I agree having such a high dept burden isn't great. Maybe rates increasing so much isn't great either, but maybe rates just need to be much higher than they have been in the past to be sustainable.

This page says local government tries to use debt as a tool to spread the cost over generations.

In deciding, they apply the principle of inter-generational equity: that is, each generation that benefits from an investment, should contribute to the cost of it.

For example, the cost of investment in a wastewater plant that is expected to serve a community for at least 50 years, should be covered by generations spanning those 50 years.

One way of doing this is to borrow and pay it off during the 50-year lifetime of the plant, ensuring that each generation which benefits also contributes.

If debt is used in this way, it makes sense to me. I suspect it is not always used like this, but it seems like a good principle. Without it, you end up with some nice new infrastructure, then decades of councils cutting infrastructure spending to keep rates down followed by a new infrastructure and rates crisis in 50 years. Councils also have access to cheaper lending than we do.
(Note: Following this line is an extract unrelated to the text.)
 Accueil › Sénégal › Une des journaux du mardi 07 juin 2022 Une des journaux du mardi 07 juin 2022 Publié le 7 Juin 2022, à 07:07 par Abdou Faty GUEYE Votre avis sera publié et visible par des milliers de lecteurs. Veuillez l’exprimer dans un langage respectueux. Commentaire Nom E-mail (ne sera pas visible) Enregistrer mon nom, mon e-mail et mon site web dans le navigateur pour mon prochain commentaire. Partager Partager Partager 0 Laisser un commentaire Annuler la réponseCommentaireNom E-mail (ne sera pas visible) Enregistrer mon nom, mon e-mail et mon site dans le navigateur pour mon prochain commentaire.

I also question why water should be done by each council instead of a Three Waters style central government approach. That could be one big infrastructure burden removed from councils.
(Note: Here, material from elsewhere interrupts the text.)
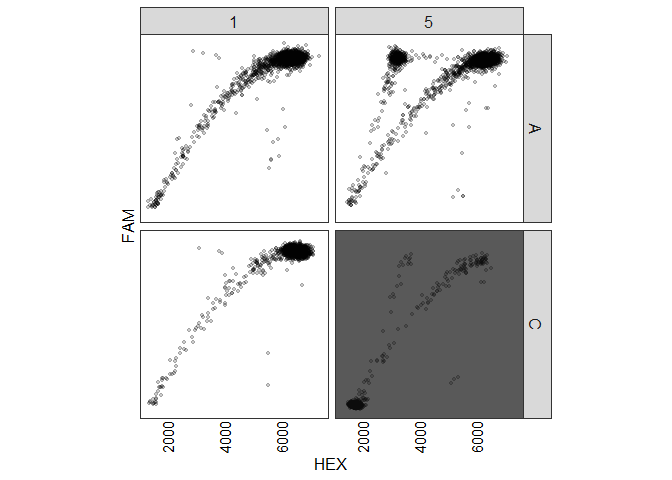 Note: throughout this document, FAM will be synonymous to Y axis and HEX will be synonymous to X axis, as a reflection of the fact that conventionally when visualizing the data the FAM intensity is plotted on the Y axis and the HEX intensity is on the X axis.

[–] BaconWrappedEnigma@lemmy.nz 2 points 1 day ago (1 children)

I think you are right to question water. The Three Waters thing got needlessly politicised. In the future, we'll see more shared infrastructure and more "shared blueprints" for how to do things as we go forward. I don't agree with the current central government's austerity (they recommended shuttering all regional councils) but I do think that there is a lot of overlap in services. It's pretty amazing how much autonomy the councils have, but one problem with that autonomy is that many of them reinvent the wheel.

Organisations, like LGNZ which you linked to, are already working to streamline things and provide economies of scale to local councils.

The problem with debt is that it is not used like LGNZ described. It is used to shift the burden down to the next batch of elected officials and to our children. This is done without enough public consultation. My view is that there isn't enough long-term accountability, and we need some sort of meaningful cap on rates rises; with exceptions for emergencies of course. Anything above and beyond that budget should have to go for a referendum: e.g. "Let's take on debt to build a sports field!" should be voted on by constituents.

That would require increased engagement in local government which has been in serious decline as documented by numerous inquiries over the last 5 to 10 years.

It's a wicked problem, but it's not insurmountable if regular people activate and push for the right things.

Have you read any Karl Popper?

[–] Dave@lemmy.nz 1 points 22 hours ago (1 children)

The problem with debt is that it is not used like LGNZ described. It is used to shift the burden down to the next batch of elected officials and to our children. This is done without enough public consultation. My view is that there isn’t enough long-term accountability, and we need some sort of meaningful cap on rates rises; with exceptions for emergencies of course.

Isn't debt the alternative to rates rises? You can keep rates lower by borrowing more and passing the cost on to future rate payers. Rates caps doesn't seem like the answer to too much debt. Why not debt ratio limits?

Have you read any Karl Popper?

I haven't. Is there something in particular I should take a look at?

[–] BaconWrappedEnigma@lemmy.nz 2 points 16 hours ago (1 children)

Isn’t debt the alternative to rates rises?

Yes, and: Elected members seem to treat them the same; which is why I keep conflating them in my posts.

Popper wrote "The Open Society and Its Enemies (1945)" while at University of Canterbury:

https://en.wikipedia.org/wiki/The_Open_Society_and_Its_Enemies

This book came to mind when I wrote "... if regular people activate and push for the right things."

[–] Dave@lemmy.nz 1 points 10 hours ago

Cheers, I've put the book on my list to read at some point.